EXTRACTED RECORDS>

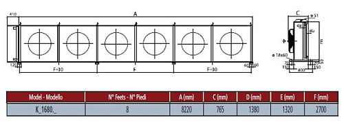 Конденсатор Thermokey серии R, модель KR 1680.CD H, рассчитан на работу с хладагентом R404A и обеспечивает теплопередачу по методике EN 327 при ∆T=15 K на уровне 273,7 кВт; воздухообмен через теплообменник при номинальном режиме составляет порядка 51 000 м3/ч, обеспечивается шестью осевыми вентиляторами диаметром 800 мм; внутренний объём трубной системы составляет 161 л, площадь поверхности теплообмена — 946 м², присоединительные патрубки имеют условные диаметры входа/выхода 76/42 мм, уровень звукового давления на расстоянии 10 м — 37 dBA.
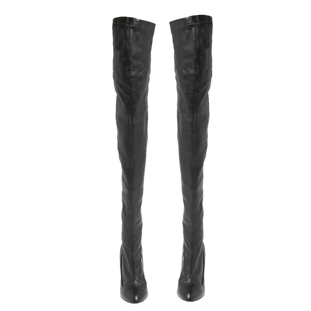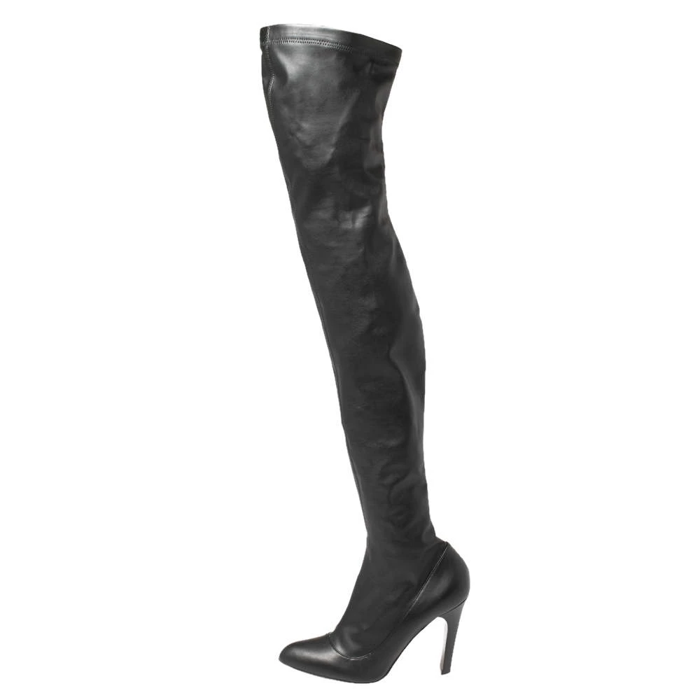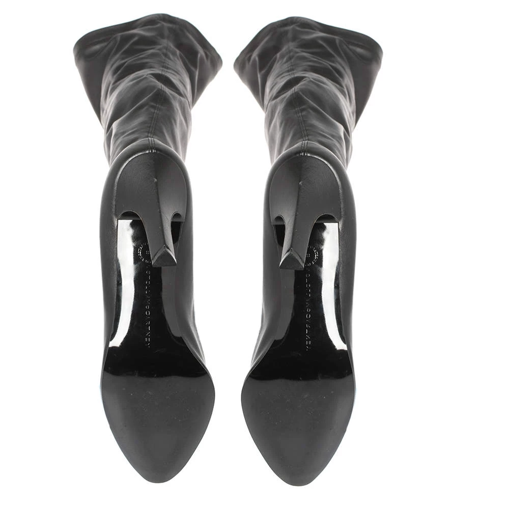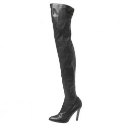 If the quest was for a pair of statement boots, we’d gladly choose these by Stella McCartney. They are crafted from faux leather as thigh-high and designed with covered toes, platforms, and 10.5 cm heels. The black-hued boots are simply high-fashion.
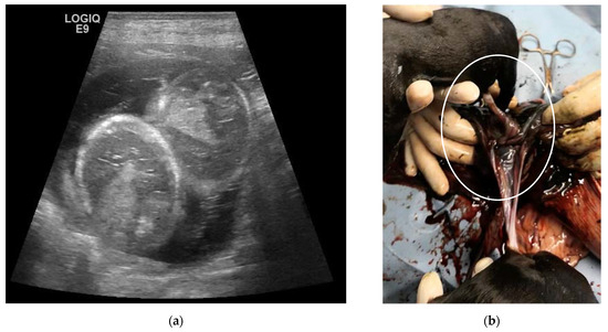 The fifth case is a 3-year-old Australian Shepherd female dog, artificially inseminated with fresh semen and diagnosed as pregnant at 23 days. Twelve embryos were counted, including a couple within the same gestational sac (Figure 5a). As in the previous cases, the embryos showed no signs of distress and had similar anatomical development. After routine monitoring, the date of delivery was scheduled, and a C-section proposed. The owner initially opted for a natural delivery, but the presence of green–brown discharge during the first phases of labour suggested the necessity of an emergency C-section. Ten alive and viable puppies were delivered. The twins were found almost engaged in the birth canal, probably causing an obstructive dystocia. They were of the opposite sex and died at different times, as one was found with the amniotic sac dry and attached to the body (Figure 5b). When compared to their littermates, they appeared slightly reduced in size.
---
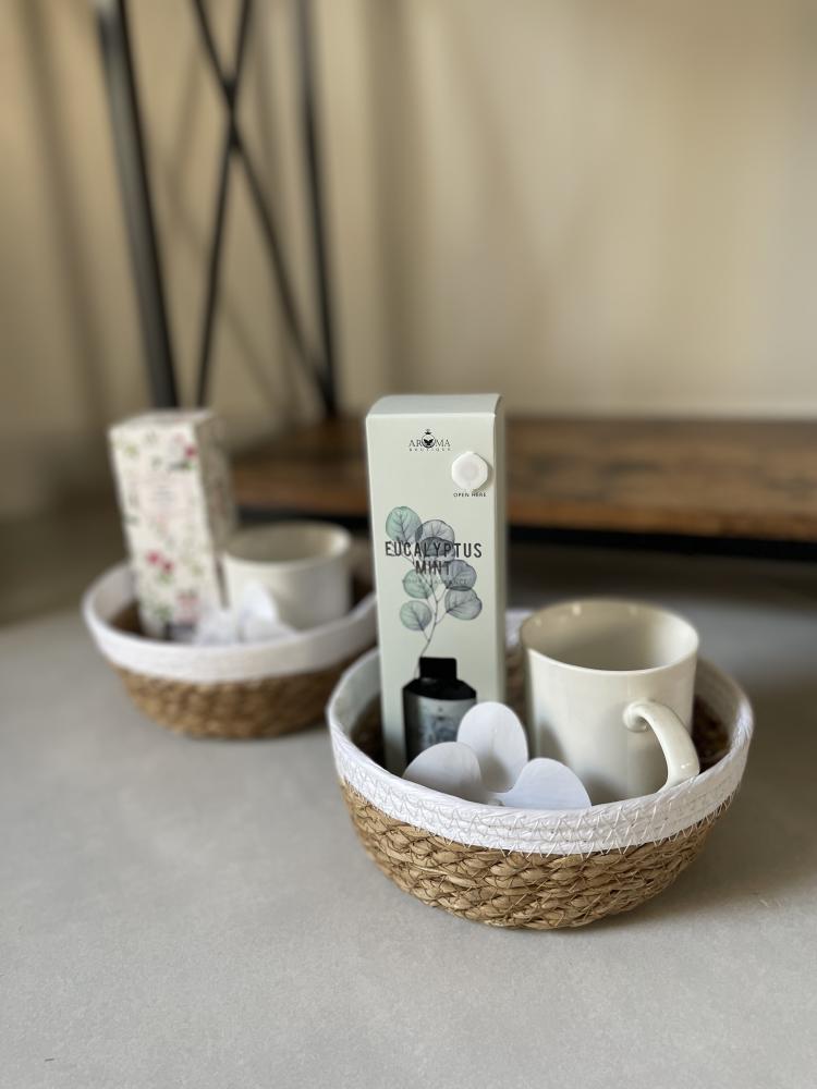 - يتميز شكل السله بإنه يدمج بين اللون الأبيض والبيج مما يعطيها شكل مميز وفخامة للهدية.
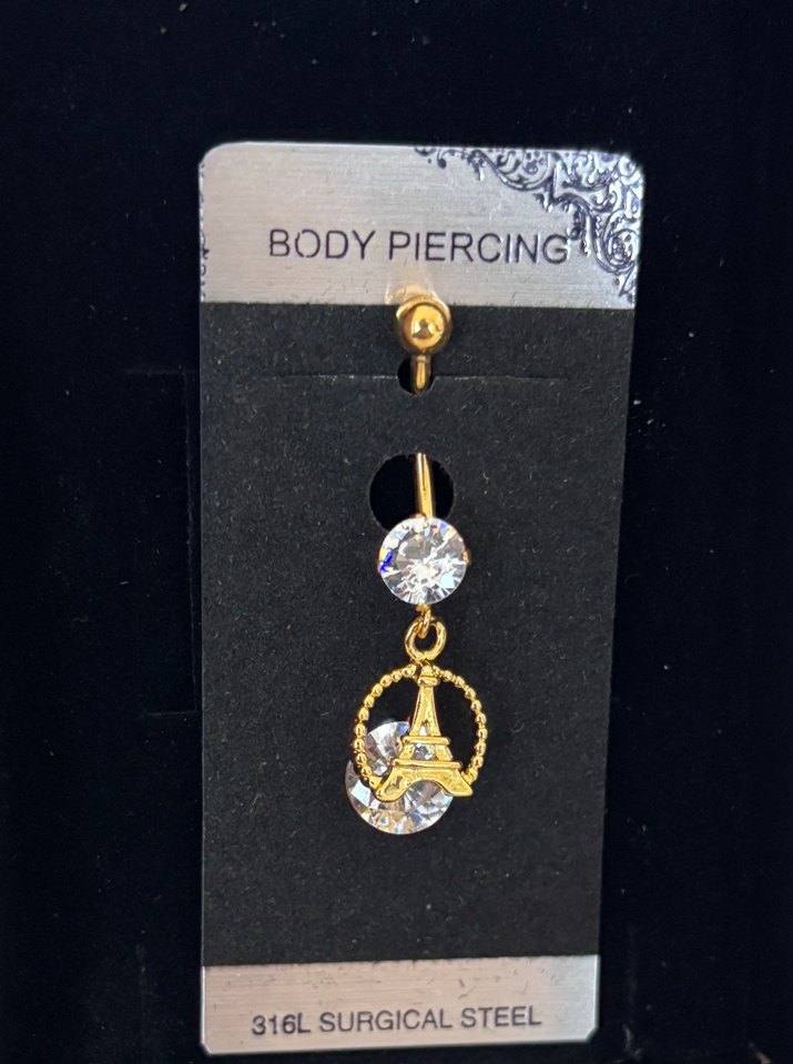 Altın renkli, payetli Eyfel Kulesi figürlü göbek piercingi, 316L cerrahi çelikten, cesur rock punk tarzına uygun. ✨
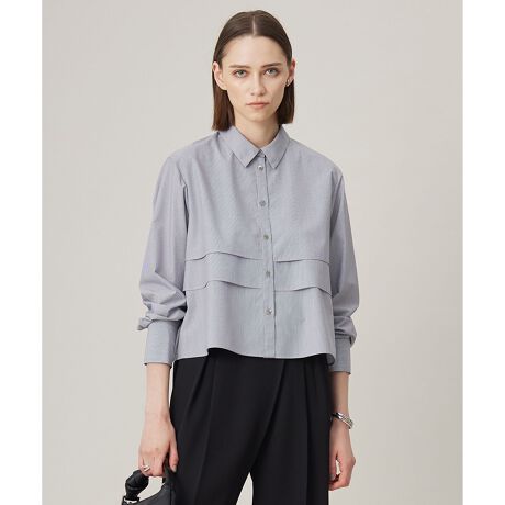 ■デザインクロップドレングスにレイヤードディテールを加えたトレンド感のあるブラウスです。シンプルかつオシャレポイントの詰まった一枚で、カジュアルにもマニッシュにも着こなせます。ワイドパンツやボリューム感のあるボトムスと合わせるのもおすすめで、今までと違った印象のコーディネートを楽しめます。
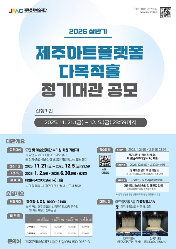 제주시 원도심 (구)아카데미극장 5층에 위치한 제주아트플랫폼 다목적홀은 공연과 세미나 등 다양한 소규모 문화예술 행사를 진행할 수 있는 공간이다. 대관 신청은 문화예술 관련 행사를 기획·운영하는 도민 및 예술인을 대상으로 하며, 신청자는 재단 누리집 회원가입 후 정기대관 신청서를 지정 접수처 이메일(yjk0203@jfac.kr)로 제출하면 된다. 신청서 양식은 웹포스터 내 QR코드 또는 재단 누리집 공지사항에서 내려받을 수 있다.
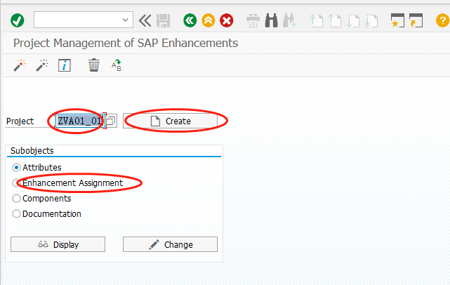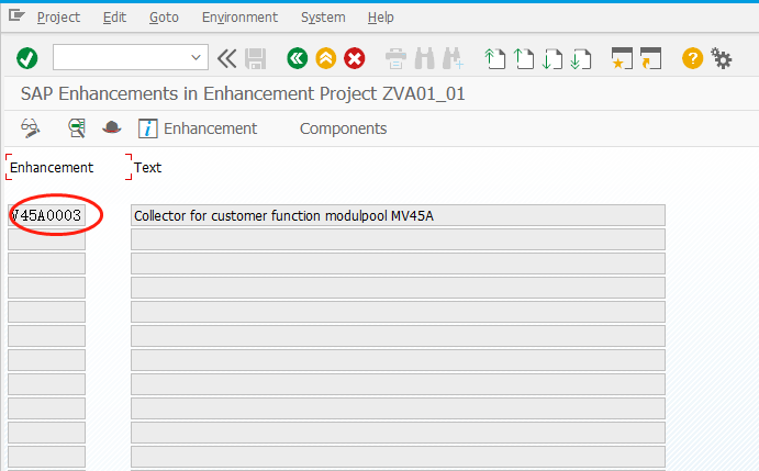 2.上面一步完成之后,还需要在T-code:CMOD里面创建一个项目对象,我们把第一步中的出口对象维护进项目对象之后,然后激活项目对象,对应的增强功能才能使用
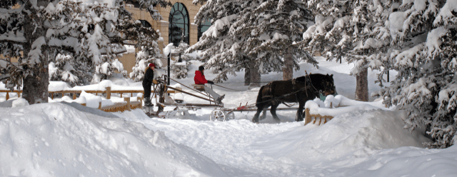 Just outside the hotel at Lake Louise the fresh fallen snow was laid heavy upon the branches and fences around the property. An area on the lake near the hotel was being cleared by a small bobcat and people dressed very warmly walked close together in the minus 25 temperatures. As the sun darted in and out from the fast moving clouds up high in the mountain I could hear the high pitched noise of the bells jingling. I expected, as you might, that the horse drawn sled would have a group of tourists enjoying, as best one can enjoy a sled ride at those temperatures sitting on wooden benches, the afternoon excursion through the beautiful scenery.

HOW TO COMPLETE THIS TASK> Above are the records; restate exactly the lines from the one containing "제주시 원도심 (구)아카데미극장" through the one containing "Just outside the", keeping pictures out.

EXERCISE ANSWER>
 제주시 원도심 (구)아카데미극장 5층에 위치한 제주아트플랫폼 다목적홀은 공연과 세미나 등 다양한 소규모 문화예술 행사를 진행할 수 있는 공간이다. 대관 신청은 문화예술 관련 행사를 기획·운영하는 도민 및 예술인을 대상으로 하며, 신청자는 재단 누리집 회원가입 후 정기대관 신청서를 지정 접수처 이메일(yjk0203@jfac.kr)로 제출하면 된다. 신청서 양식은 웹포스터 내 QR코드 또는 재단 누리집 공지사항에서 내려받을 수 있다.
 2.上面一步完成之后,还需要在T-code:CMOD里面创建一个项目对象,我们把第一步中的出口对象维护进项目对象之后,然后激活项目对象,对应的增强功能才能使用
 Just outside the hotel at Lake Louise the fresh fallen snow was laid heavy upon the branches and fences around the property. An area on the lake near the hotel was being cleared by a small bobcat and people dressed very warmly walked close together in the minus 25 temperatures. As the sun darted in and out from the fast moving clouds up high in the mountain I could hear the high pitched noise of the bells jingling. I expected, as you might, that the horse drawn sled would have a group of tourists enjoying, as best one can enjoy a sled ride at those temperatures sitting on wooden benches, the afternoon excursion through the beautiful scenery.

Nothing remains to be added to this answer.